▶ WORK INSTRUCTIONS: The line containing "There was a", plus every line that follows it to the end of the listing below, is what you transcribe exactly; omit all pictures.
[Opening DATA SUPPLIED section]
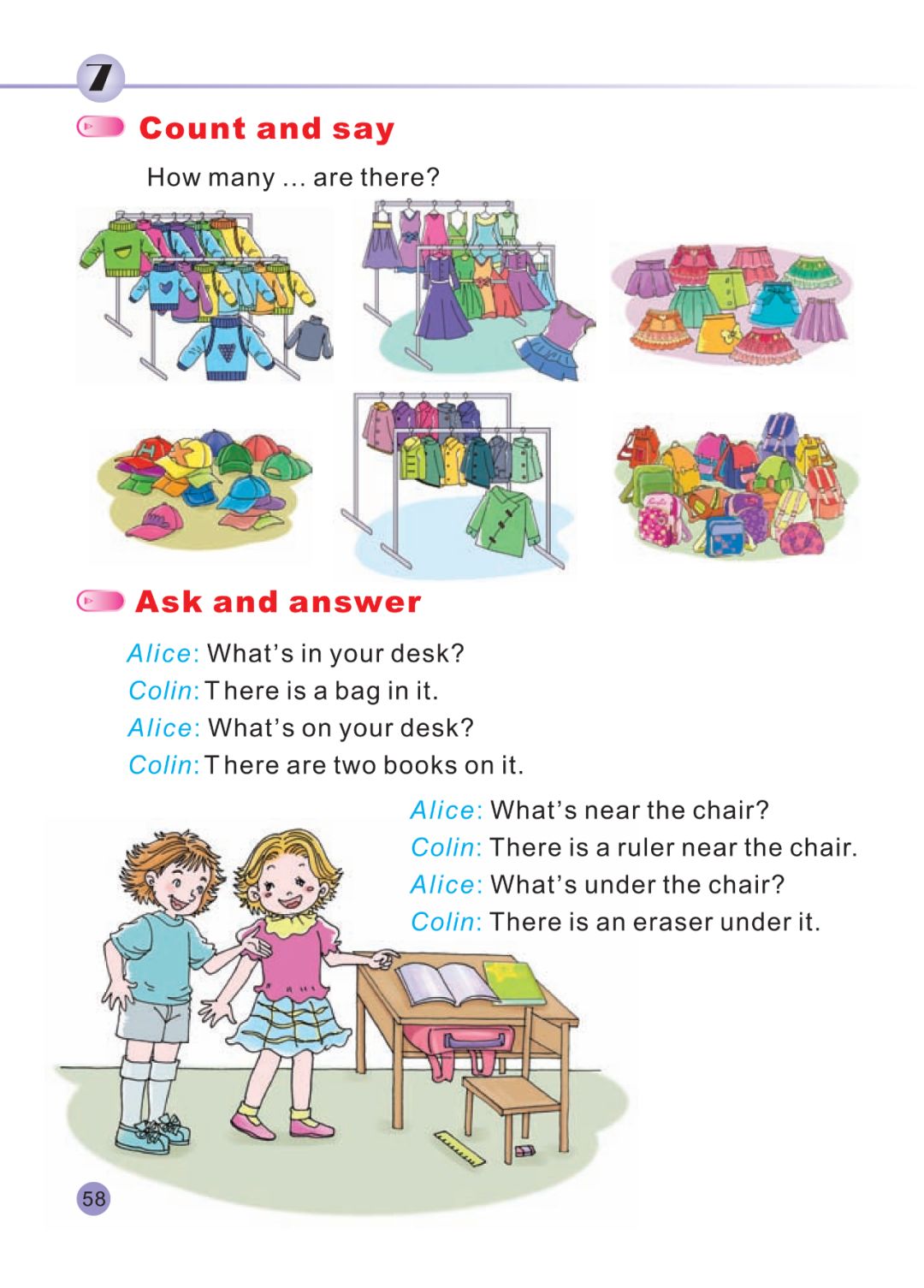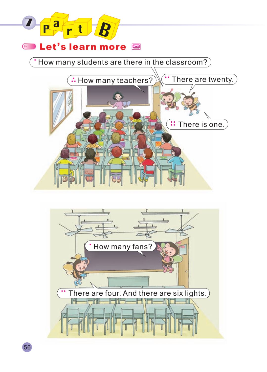 获取配套课件教案习题试卷请拉到文末课文朗读♬点击上方绿标听课文朗读微课讲解微课教学电子课本点击预习:新陕旅版英语三年级下册电子课本课文翻译Let's learn more学习更多 How many students are there in the classroom?教室里有多少学生? There are twenty.有二十名。 How many teachers?有多少老师?There is one.有1名。 How many fans?有多少风扇?There are four.有4个。And there are six lights.有六盏灯。Let's count我们来数数eleventwelvethirteenfourteenfifteen1112131415sixteenseventeeneighteennineteentwenty1617181920Count and say数一数说 How many?多少? Ask and answer问与答 What’s in your desk?你的书桌里有什么?There is a bag in it.里面有一个袋子。 What’s on your desk?你桌子上有什么?There are two books on it.上面有两本书。 What’s near the chair?椅子附近有什么?There is a ruler near the chair.椅子附近有一把尺子。 What’s under the chair?椅子下面是什么?There is an eraser under it.下面有一块橡皮。同步习题一、选出不同类的一项。( )1.A.light B.desk C.classroom( )2.A.school B.teacher C.student( )3.A.fan B.chair C.white( )4.A.what B.whose C.water( )5.A.blackboard B.candy C.door二、根据问句选择合适的答语。( )1. How many pens do you have?A. I have three pens. B. Please count the pens.( )2. What color is this sweater?A. It’s black.B. It’s a book.( )3. What’s in your desk?A. There is a bag in it.B. It’s a ruler.( )4. How many students are there in your class?A. There is one.B. There are twenty.( )5. Where is my book?A. It’s under the desk. B. There is a TV.参考答案:一、1. C 2. A 3. C 4. C 5. B 二、1. A 2. A 3. A 4. B 5. A怎么获取配套课件教案习题试卷等资料?▼下载方法(务必细看):关注微信公众订阅号【绿色学习平台】(ID:qqyu_520910),在公众号底部菜单中输入下面提示关键字,正常一分钟内即可下载。特别注明:1、如提取不了说明关键字输入错误或操作不当,可以留言等待处理。2、我们不做强制分享获取,但希望你获取资料后还能常来,能帮我们转发分享。3、来了就是朋友,多提意见和建议。 领取方法1 ▼第1步:扫码关注 绿色学习平台第2步:发送关键字【031】即可获取。如有疑问,请添加卿老师微信:yzy5200426。(请按照正确的关键字回复哦,不添字,不错字,不漏字,否则系统无法识别) 领取方法2 ▼打不开百度网盘链接的地区可长按扫码直接进入下载电脑端下载网址http://jazpan.com/view/22805.html▼(回复关键词位置如下图所示)图文来自网络,版权归原作者,如有不妥,告知即删点击阅读原文下载全册PPT课件动画教案习题朗读试卷电子课本整套资料
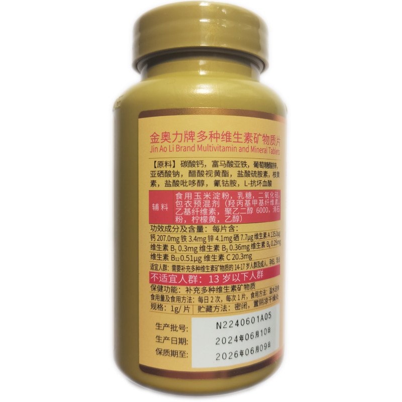 金奥力牌多种维生素矿物质片60片钙铁锌硒维生素AB1B2B6B12vc
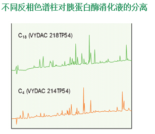 不同的反相吸附劑在分離蛋白質酶消化物中的肽碎片時可能表現出不同的選擇性。用兩種RP-HPLC色譜柱分離β-乳球蛋白A的胰蛋白酶消化物碎片,結果表明:不同的相有時對肽的反相分離具有微小的影響(圖10)。與通常使用的C18色譜柱相比,C4柱的保留時間稍短,肽碎片洗脫圖形也有某些程度上的不同。測試不同的色譜柱是確定哪個柱子分離度最好的唯一實用的方法。有些實驗室利用反相色譜柱的選擇性差異來進行肽的二維分離。
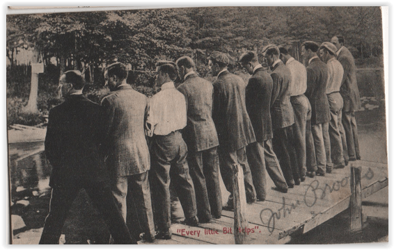 There was a camaraderie among men, and a more raucous sense of humor. This card, published in Germany, shows an entire group enjoying the opportunity to, as the send of the card has written on the back, make sure the water level in the lake remains satisfactory. This card was actually sent through the mail, from Huntington, New York, in 1911. The recipient was male, and, of course, in those days, the postal delivery system was handled largely by men, so there was no chance of offending the fair sex with such a picture. Women, especially American women, wouldn’t find this sort of thing funny.
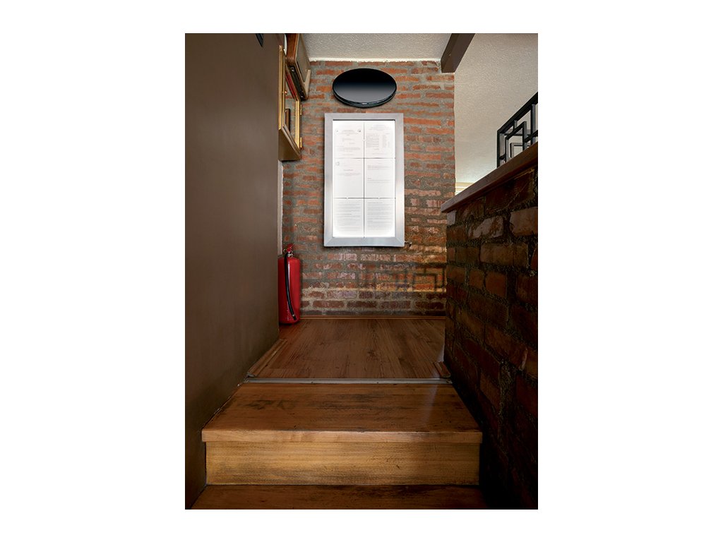 Osvětlená vitrína na menu, nerezová - montáž na stěnu
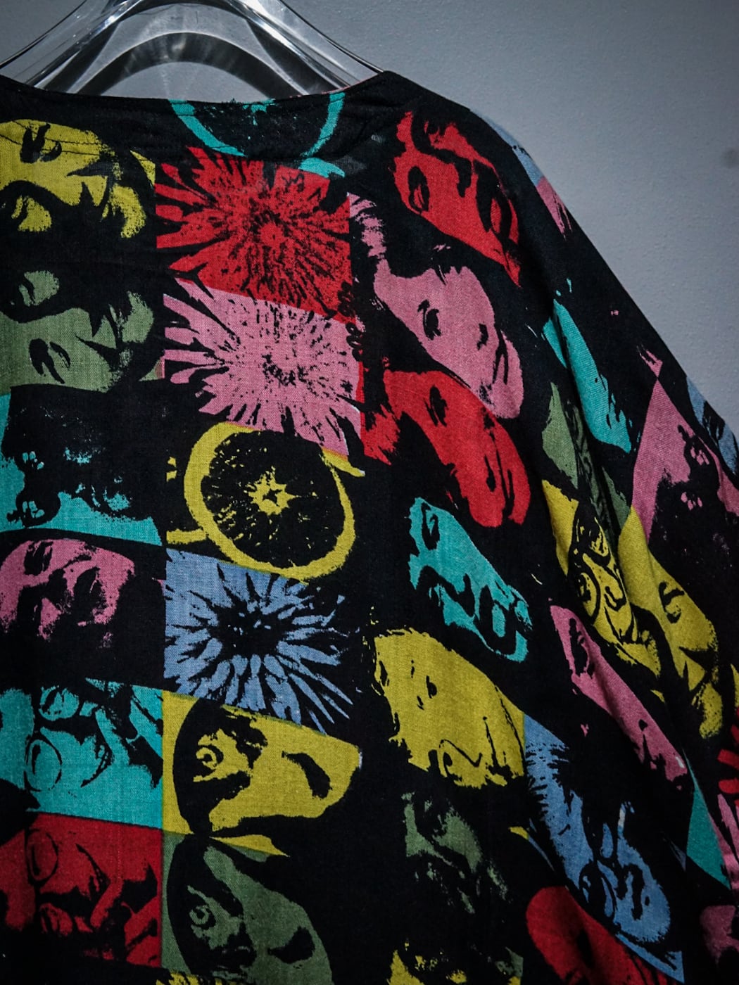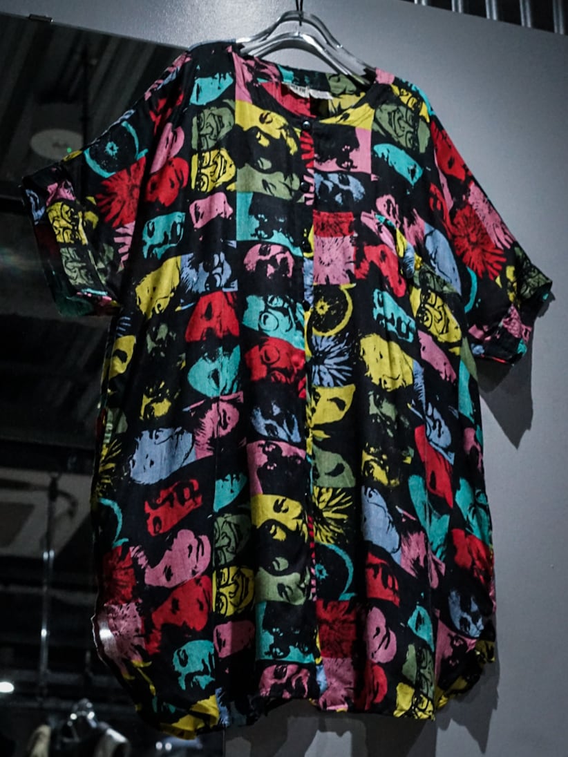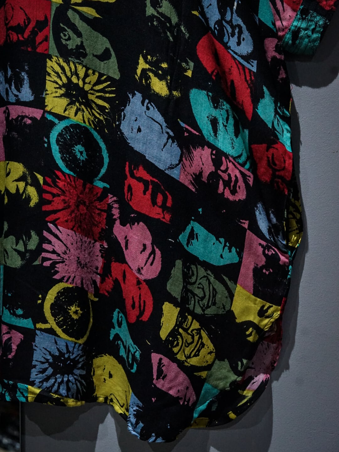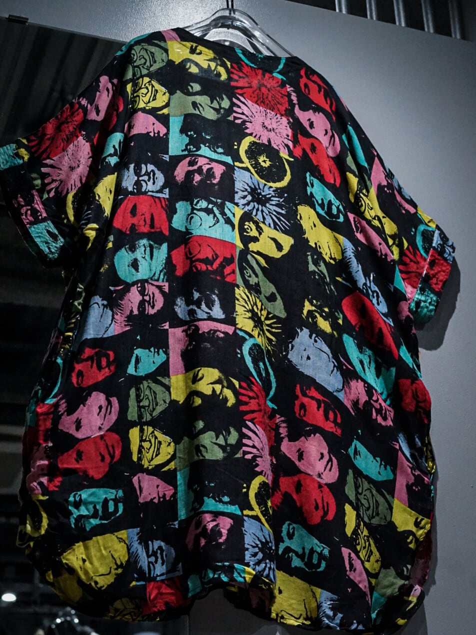 ハリのある柔らかなレーヨン素材を用いたボディに、ポップアートの第一人者"アンディ・ウォーホル"の作品を彷彿とさせる、マルチなカラーリングのフェイスパターンを載せた1着。
[Closing DATA SUPPLIED section]
▶ SOLUTION TO THE EXERCISE:
 There was a camaraderie among men, and a more raucous sense of humor. This card, published in Germany, shows an entire group enjoying the opportunity to, as the send of the card has written on the back, make sure the water level in the lake remains satisfactory. This card was actually sent through the mail, from Huntington, New York, in 1911. The recipient was male, and, of course, in those days, the postal delivery system was handled largely by men, so there was no chance of offending the fair sex with such a picture. Women, especially American women, wouldn’t find this sort of thing funny.
 Osvětlená vitrína na menu, nerezová - montáž na stěnu
 ハリのある柔らかなレーヨン素材を用いたボディに、ポップアートの第一人者"アンディ・ウォーホル"の作品を彷彿とさせる、マルチなカラーリングのフェイスパターンを載せた1着。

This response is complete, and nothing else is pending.